::: Extracted material :::
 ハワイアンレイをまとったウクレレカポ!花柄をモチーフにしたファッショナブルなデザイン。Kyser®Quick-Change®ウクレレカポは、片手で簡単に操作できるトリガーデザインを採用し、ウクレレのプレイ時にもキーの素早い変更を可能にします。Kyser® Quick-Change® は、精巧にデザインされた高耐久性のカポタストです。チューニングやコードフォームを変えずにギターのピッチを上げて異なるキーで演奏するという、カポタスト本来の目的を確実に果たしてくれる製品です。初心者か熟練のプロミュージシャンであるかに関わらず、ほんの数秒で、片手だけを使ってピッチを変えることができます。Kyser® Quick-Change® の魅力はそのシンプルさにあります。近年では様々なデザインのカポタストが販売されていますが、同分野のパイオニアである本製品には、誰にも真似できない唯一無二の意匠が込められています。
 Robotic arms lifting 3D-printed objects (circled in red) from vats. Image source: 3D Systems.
:::
::: Extracted material :::
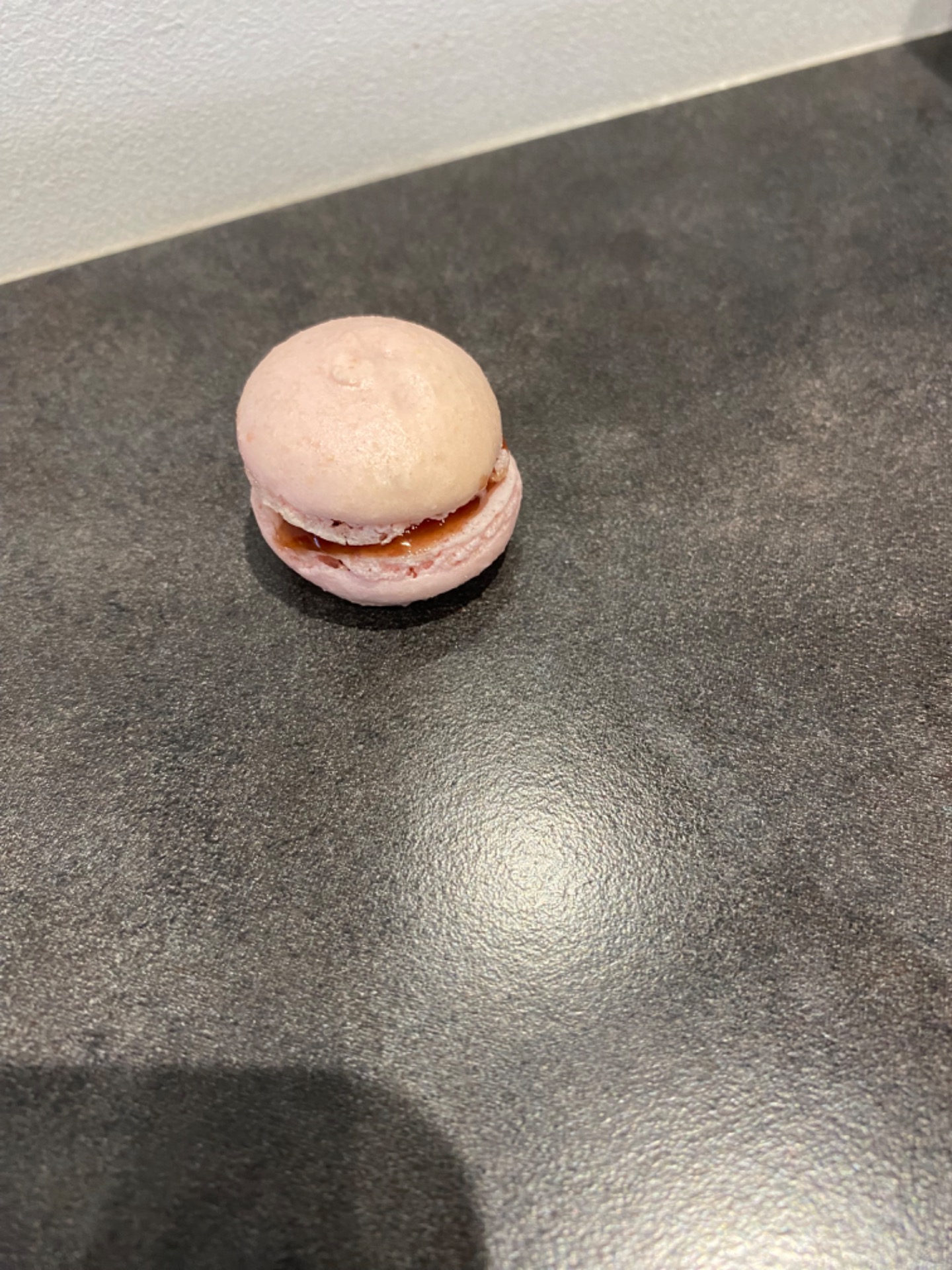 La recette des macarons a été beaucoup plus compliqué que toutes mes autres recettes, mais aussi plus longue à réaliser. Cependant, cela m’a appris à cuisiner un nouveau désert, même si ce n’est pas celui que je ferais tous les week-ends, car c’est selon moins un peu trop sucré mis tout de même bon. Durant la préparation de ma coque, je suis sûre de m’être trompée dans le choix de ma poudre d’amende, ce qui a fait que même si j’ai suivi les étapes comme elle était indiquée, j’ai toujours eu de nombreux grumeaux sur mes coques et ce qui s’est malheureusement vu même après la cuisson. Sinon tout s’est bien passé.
:::
::: Extracted material :::
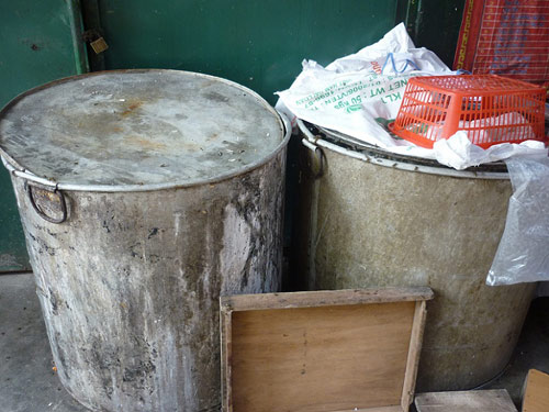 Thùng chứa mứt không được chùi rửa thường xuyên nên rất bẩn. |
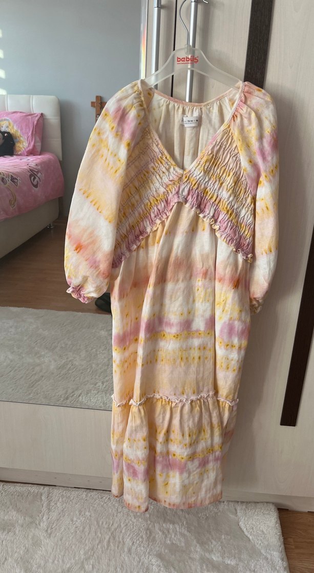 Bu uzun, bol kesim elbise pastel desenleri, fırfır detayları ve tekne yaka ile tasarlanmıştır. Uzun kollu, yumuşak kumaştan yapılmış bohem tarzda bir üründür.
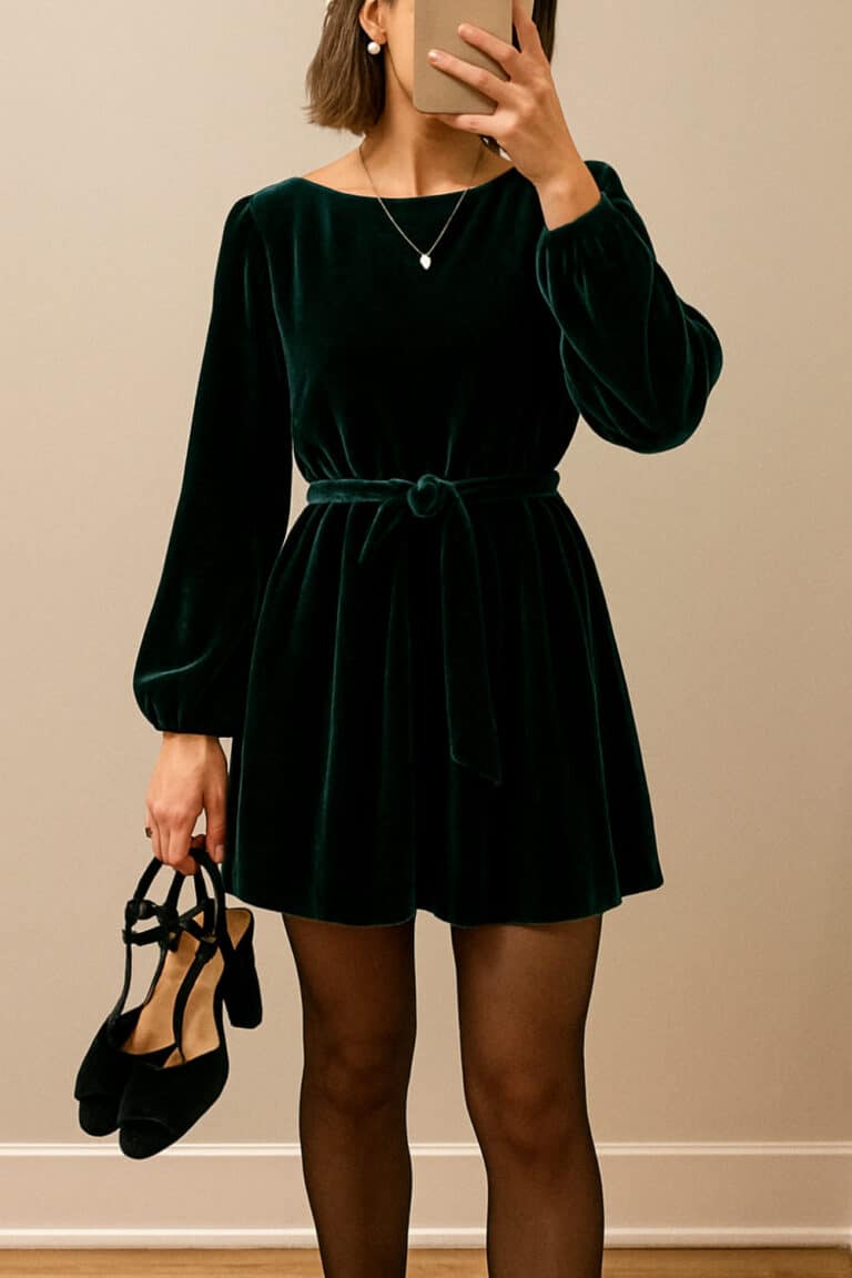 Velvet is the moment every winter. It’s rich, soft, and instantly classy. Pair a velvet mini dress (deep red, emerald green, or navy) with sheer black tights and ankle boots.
:::
Both boundary lines included, write out word for word only the lines above from the one containing "Bu uzun, bol" to the one containing "Velvet is the", leaving out any pictures.

Your solution —
 Bu uzun, bol kesim elbise pastel desenleri, fırfır detayları ve tekne yaka ile tasarlanmıştır. Uzun kollu, yumuşak kumaştan yapılmış bohem tarzda bir üründür.
 Velvet is the moment every winter. It’s rich, soft, and instantly classy. Pair a velvet mini dress (deep red, emerald green, or navy) with sheer black tights and ankle boots.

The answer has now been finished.